Werbung mit dem Begriff "Bio-Tabak" ist nach geltender Rechtslage nicht zulässig. Das entschied das Landgericht Hamburg in einem vom Verbraucherzentrale Bundesverband angestrengten Verfahren gegen die Santa Fe Natural Tobacco Company Germany GmbH. Nach Auffassung des Gerichts erweckt die beanstandete Werbung den Eindruck, dass die Tabakerzeugnisse natürlich oder naturrein seien. Dies ist jedoch nach dem vorläufigen Tabakgesetz verboten.

 

Die beklagte Tabakfirma vertreibt Zigaretten der Marke "Natural American Spirit". Sie warb auf Flyern, die in Gaststätten auslagen, mit dem hervorgehobenen Hinweis: "100 % Bio Tabak". Der Verbraucherzentrale Bundesverband beanstandete die Werbung wegen des Verstoßes gegen das Vorläufige Tabakgesetz.

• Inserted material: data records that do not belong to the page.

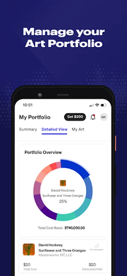 Our team of art experts carefully curates and researches each artwork to ensure its authenticity, provenance, and potential value. You can invest in a piece for as little as $20 and watch your investment grow over time. Plus, with the artwork itself serving as collateral, you can be sure your investment is secure.
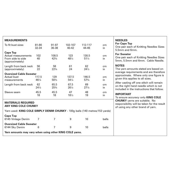 King Cole Pattern 6378 Cape Top and Oversized Cable Sweater in Simply Denim Chunky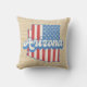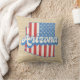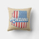 Stilvolle Kissen mit den US Flagge der USA gefüllt Arizona Staat Silhouette, mit Retro-Stil Text, auf leichten Imitats Burlap Hintergrund.

Danach ist es verboten, für Tabakerzeugnisse Angaben zu verwenden, die darauf hindeuten, dass die Produkte natürlich oder naturrein seien. Nach Auffassung des Verbraucherzentrale Bundesverbandes wird der Begriff "Bio" vom durchschnittlich informierten Verbraucher gerade in diesem Sinne verstanden. Auch könne der Begriff "Bio" zu der Annahme verleiten, der Konsum einer solchen Zigarette sei gesundheitlich unbedenklich.

 

Die hiergegen gerichtete Klage hatte nunmehr Erfolg. Das Urteil ist noch nicht rechtskräftig.